Part 20 (1/2)

Such tics of genuflexion are not particularly uncommon. Oddo[105] has recently recorded a very instructive example, whose pathogeny he has been at pains to elucidate.

A little girl, Th., ten years of age, takes four or five perfectly normal paces when she starts to walk, then bends down quickly to the right, flexing her knee to an acute angle and inclining her trunk forward with the deflection of her pelvis, just as a child whose genuflexion in front of an altar has become mechanical by repet.i.tion. The performance is sometimes so altogether sudden that Th. actually falls on to her right side. One striking feature of the case is that if she makes a tour of the room in order to be observed at leisure, the inclination never fails to occur at exactly the same point in the circuit--namely, when she is opposite the observer. It is useless formally to interdict her from this routine, for before one has time to notice any irregularity in the gait her knee suddenly flexes at the bidding of an invincible impulse, and a moment later, without any deviation from her path, she has resumed her rhythmical step round the apartment.

This movement is not her only one, however. While she lies in bed she can, by flexing her thigh on her pelvis, crack her joints loud enough to be heard, and when she has been up a little while the same action is exhibited. The absence of these cracking sounds during ordinary walking, and their occurrence in the act of genuflexion, very properly explain, as Oddo thinks, the origin of the tic. It seems that the articulations at hip and knee on the right side were affected as the result of successive attacks of scarlatina and diphtheria two years ago, which necessitated a prolonged sojourn in bed, and were accompanied with severe pain. It is interesting to note that the tic made its appearance only after the latter had considerably subsided.

Raymond and Janet[106] have reported the case of a young woman who fell on her knees every few paces, rising again with facility and taking a few more steps, to come down on her knees once more with a loud noise.
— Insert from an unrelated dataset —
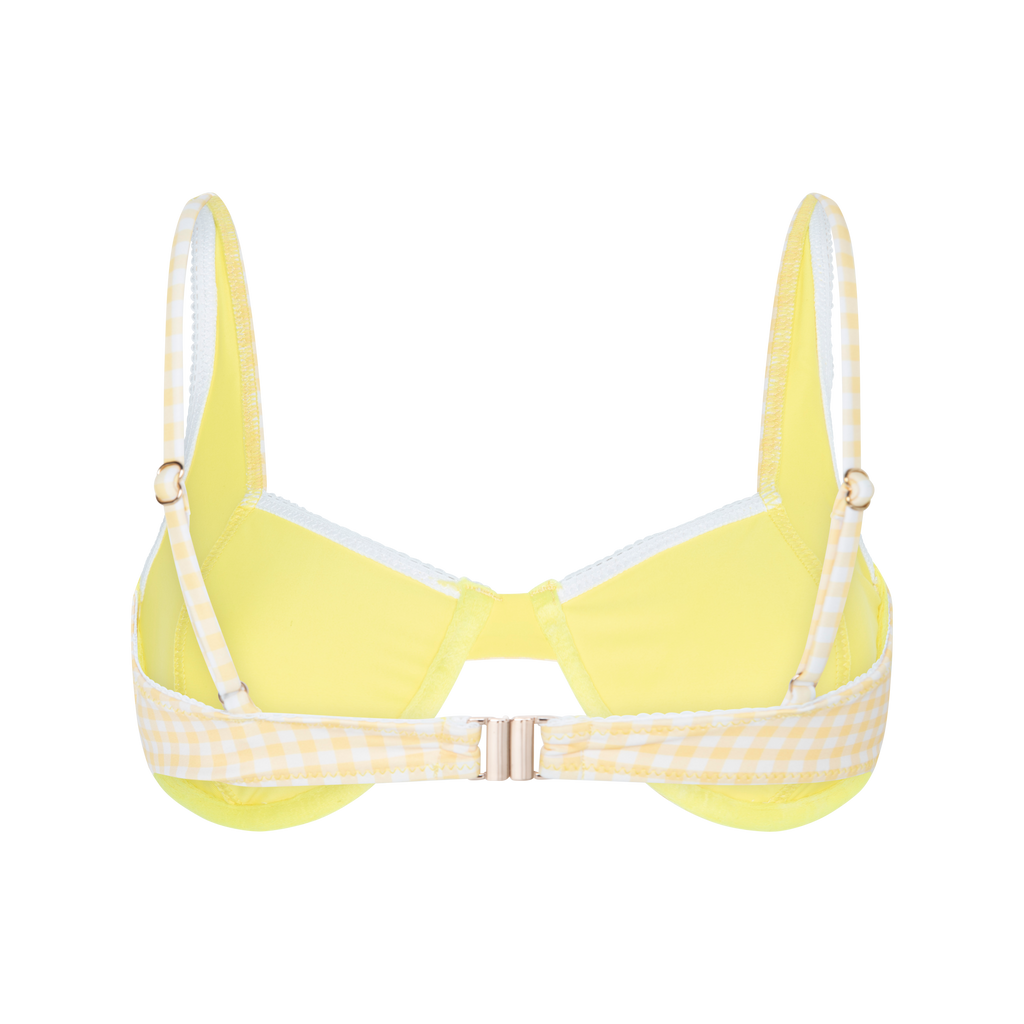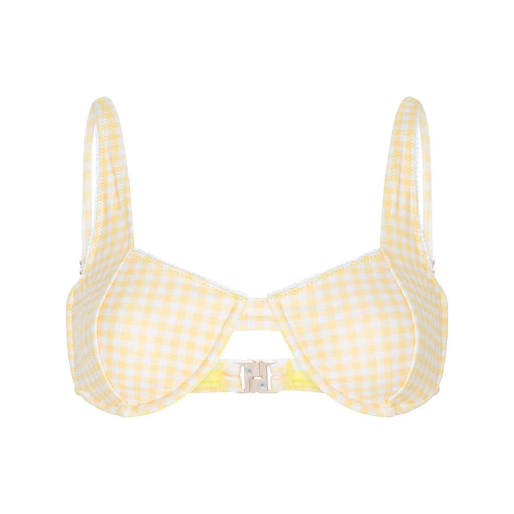 Pamela Underwire Bikini Top features structured underwire and lace details.

She never did herself any harm, however, and for that matter the accident never occurred on a staircase or in a unsuitable or dangerous spot.

Leaping tics are met with also.

Sometimes when walking, but more usually when standing quietly, according to Guinon, the patients make little jumps or leaps in their place, looking rather as if they were dancing than really springing into the air. Some actually bound along, others run for a yard or two.

Still more bizarre and complex tics have been described, in particular by Gilles de la Tourette. One patient used to commence to run, then kneel suddenly, then rise with equal abruptness. Another was in the habit of stooping down, as if to pick something off the ground, and smartly rising again.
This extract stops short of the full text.